A warm, generous spirit of affection and insurrection washes over Guillermo del Toro’s “The Shape of Water,” a Cold War-era fairy tale that submerges you in the fantastical realm of the director’s Technicolor imagination only to swell into a watery allegory for today.

It is, one suspects, the monster movie Del Toro was born to make. Lushly composed and vividly realized, “The Shape of Water” is lovingly designed to send you floating out to sea on a bed of enchantment and acceptance. If that sounds a little much, that’s true, too, of “The Shape of Water.” It’s an exceedingly dreamy movie so intoxicated with itself that it’s sometimes easier to admire Del Toro’s classically composed film than to genuinely swoon for it.

With shades of “Beauty and the Beast,” “The Shape of Water” is about a love between a mute cleaning lady, Eliza (Sally Hawkins), and a merman (Doug Jones) who has been captured from the Amazon and hauled back to 1962 Baltimore by a cattle prod-wielding military man named Stickland (Michael Shannon). At a secret government laboratory where Eliza and her talkative friend Zelda (Octavia Spencer) mop up blood, the amphibious man is studied and tortured but mostly kept chained in a murky pool so he can’t be taken by the Russians.

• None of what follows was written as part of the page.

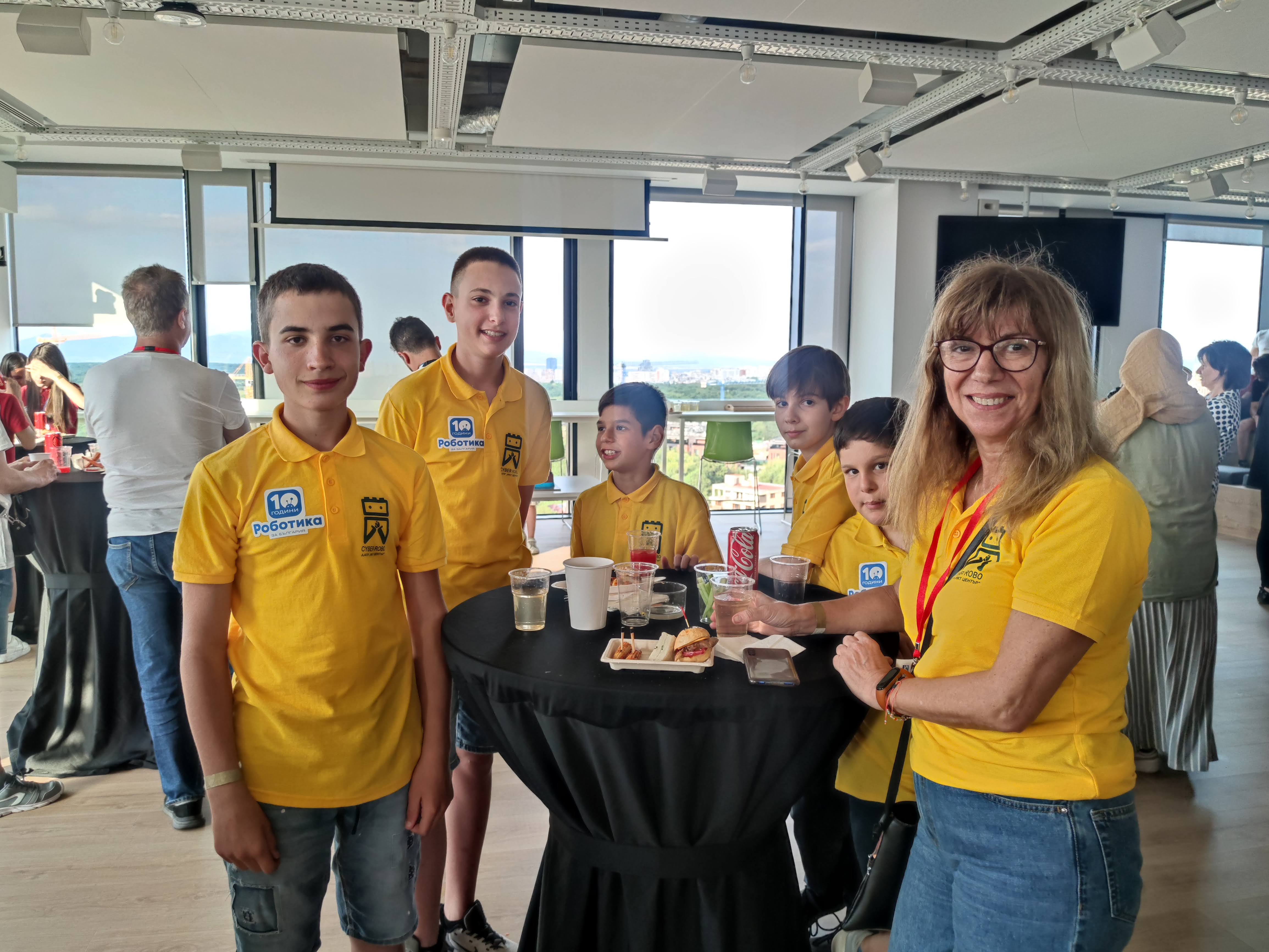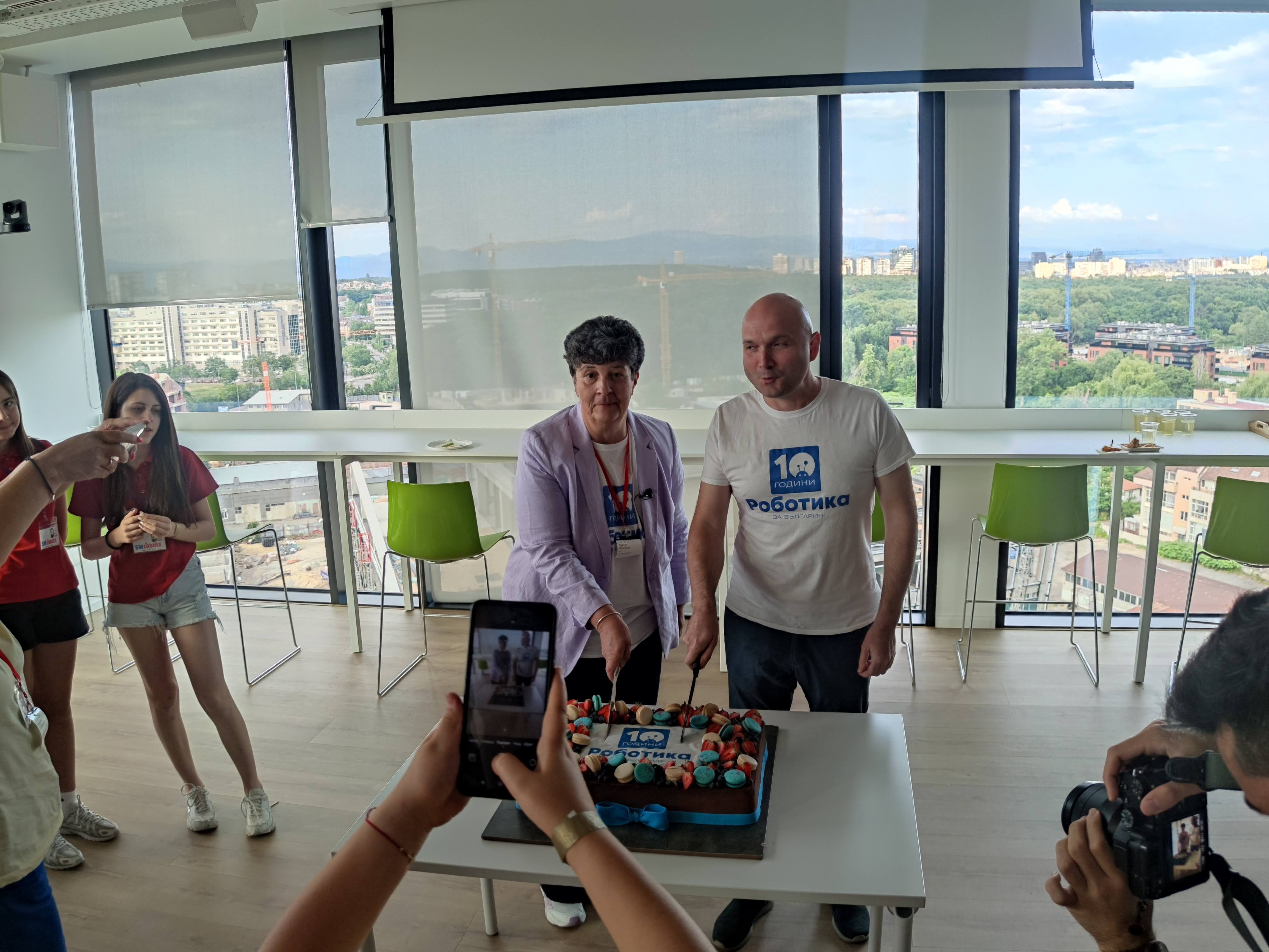 Г-н Радослав Николов, който присъства неотлъчно и в двата дни 21 и 22 юни на състезанието също отправи много мъдри слова към участниците, обръщайки внимание на принадената скрита стойност на техните участия – не само конструирането, програмирането и управлението на роботите научават учениците, а и да презентират, да изследват, да създават научни проекти, да са наблюдателни и находчиви, както и да общуват и се забавляват заедно! И забавленията бяха като за Юбилей! Бяхме поканени на парти, на 10-я етаж на сградата на SAP labs на хубава вечеря, завършваща с голяма торта, пуканки и сладолед. Разбира се имаше и официални приветствия от ръководителите на SAP labs и ФРГИ, музикална програма, както и демонстративни опити по химия и фойерверки на голямата тераса с изглед към града. Не пропуснахме да си направим и артистична снимка.

Eliza lives - and this is one of those touches a little too on-the-nose - above a grand movie palace where business is drying up. Her friend and neighbor is a gay, out-of-work artist named Giles (Richard Jenkins), who draws wholesome pictures of nuclear American families for an advertising company he used to work for. It’s his voice, in the movie’s glowing opening, that introduces the tale of “the princess without voice.”

We later learn that Eliza is an orphan whose throat was thrashed as a baby, and who was found in a river. So she has a kind of affinity for water, and, after setting an egg timer for precision, masturbates in an overflowing tub. Her courtship with the merman begins with an egg, too, only with the crackle of an opened hardboiled, which she sets out for the creature.

Del Toro’s fables may be sweet, but they aren’t tame. (His latest is most connected in spirit with his wartime fantasy “Pan’s Labyrinth,” set in Franco-era Spain.) One of the best things about “The Shape of Water” is that it’s a fairy tale that not only doesn’t hide from sexuality, but fully embraces it.

Eliza, Giles and Zelda are all second-class citizens, at best, in the world of “The Shape of Water,” but they - along with a rogue Russian spy (Michael Stuhlbarg) - will plot what amounts to an uprising. Del Toro’s movie dream is one where outsiders of any kind struggle to free themselves from the chains of supposed “decency.” The film’s rousing call-to-action is a silent one, signed by Eliza but with her words captioned across the center of the screen: “If we do nothing, neither are we.”